● Exercise
Exactly the lines below from the one with "screens & seat adjusters" up to and including the one with "Ancient Theatre of Dionysus" make up the answer, with nothing else added.
***** Extracted entries
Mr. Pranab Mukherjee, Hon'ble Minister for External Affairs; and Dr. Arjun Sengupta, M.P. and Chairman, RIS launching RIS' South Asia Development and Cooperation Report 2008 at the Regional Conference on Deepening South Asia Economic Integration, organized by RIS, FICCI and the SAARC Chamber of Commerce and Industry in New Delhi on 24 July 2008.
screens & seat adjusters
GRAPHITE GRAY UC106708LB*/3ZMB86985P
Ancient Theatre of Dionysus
**********
***** Extracted entries
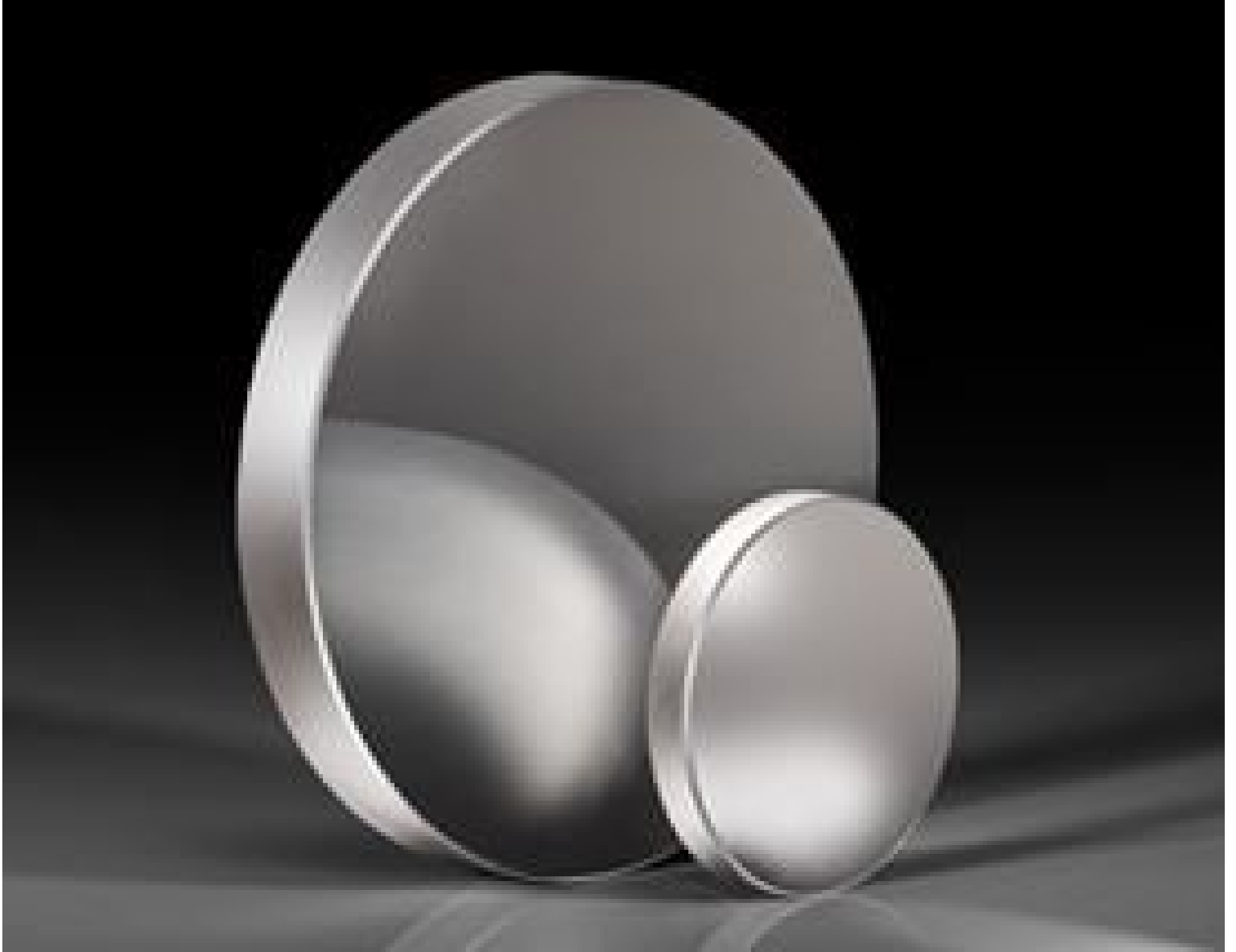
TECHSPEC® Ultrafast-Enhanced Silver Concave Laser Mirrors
**********
● Finished task
screens & seat adjusters
GRAPHITE GRAY UC106708LB*/3ZMB86985P
Ancient Theatre of Dionysus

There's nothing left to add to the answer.